A woman decides to invest ​$5000 in an IRA CD at the end of each year for 10 years. If she makes these payments and the certificates all pay 7​%, compounded​ annually, how much will she have at the end of the 10 ​years?

To calculate the future value of a series of annual investments (an annuity), we can use the formula for the future value of an annuity:

\[ FV = P \times \frac{(1 + r)^n - 1}{r} \]

Where:

• \( FV \) = future value of the annuity
• \( P \) = payment amount per period
• \( r \) = annual interest rate (as a decimal)
• \( n \) = number of periods (years)

In this case:

• \( P = 5000 \)
• \( r = 0.07 \) (7% as a decimal)
• \( n = 10 \)

Plugging in these values:

\[ FV = 5000 \times \frac{(1 + 0.07)^{10} - 1}{0.07} \]

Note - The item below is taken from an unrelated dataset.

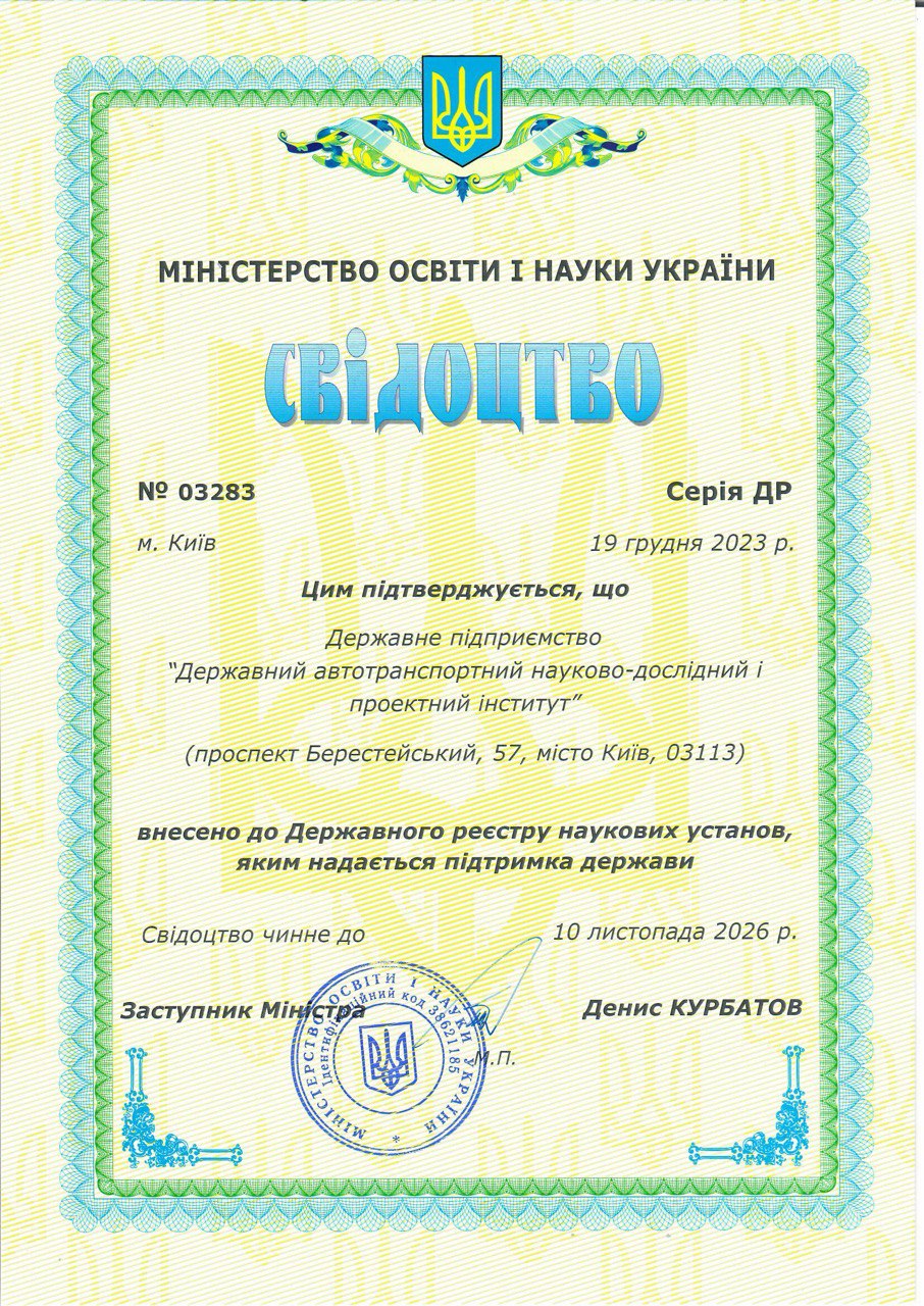 Наш Інститут вкотре включили до Державного реєстру наукових установ, яким надається підтримка держави, що підтверджується виданим Свідоцтвом, з терміном дії до 10 листопада 2026 р. (наказ МОН України № 1536 від 19.12.2023).
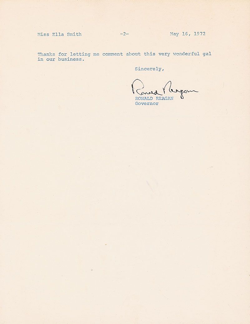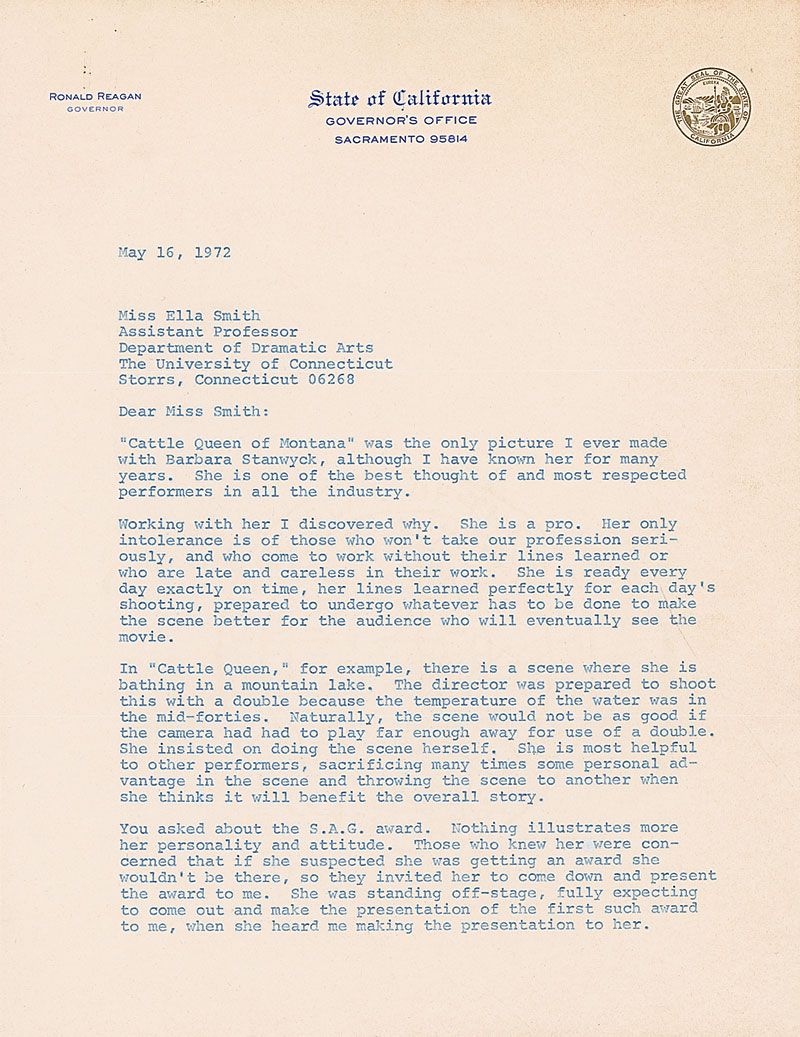TLS, two pages, 8.5 x 11, State of California Governor’s Office letterhead, May 16, 1972. Letter to a theater professor at the University of Connecticut. In part: “‘Cattle Queen of Montana’ was the only picture I ever made with Barbara Stanwyck…She is a p

Calculating \( (1 + 0.07)^{10} \):

\[ (1 + 0.07)^{10} = 1.967151 \]

Now subtract 1:

\[ 1.967151 - 1 = 0.967151 \]

Now, divide by the interest rate:

\[ \frac{0.967151}{0.07} = 13.3878728571 \]

Now multiply by \( P \):

\[ FV = 5000 \times 13.3878728571 \approx 66939.36428571 \]

Finally, rounding to the nearest cent:

\[ FV \approx 66939.36 \]

Thus, at the end of 10 years, the woman will have approximately $66,939.36.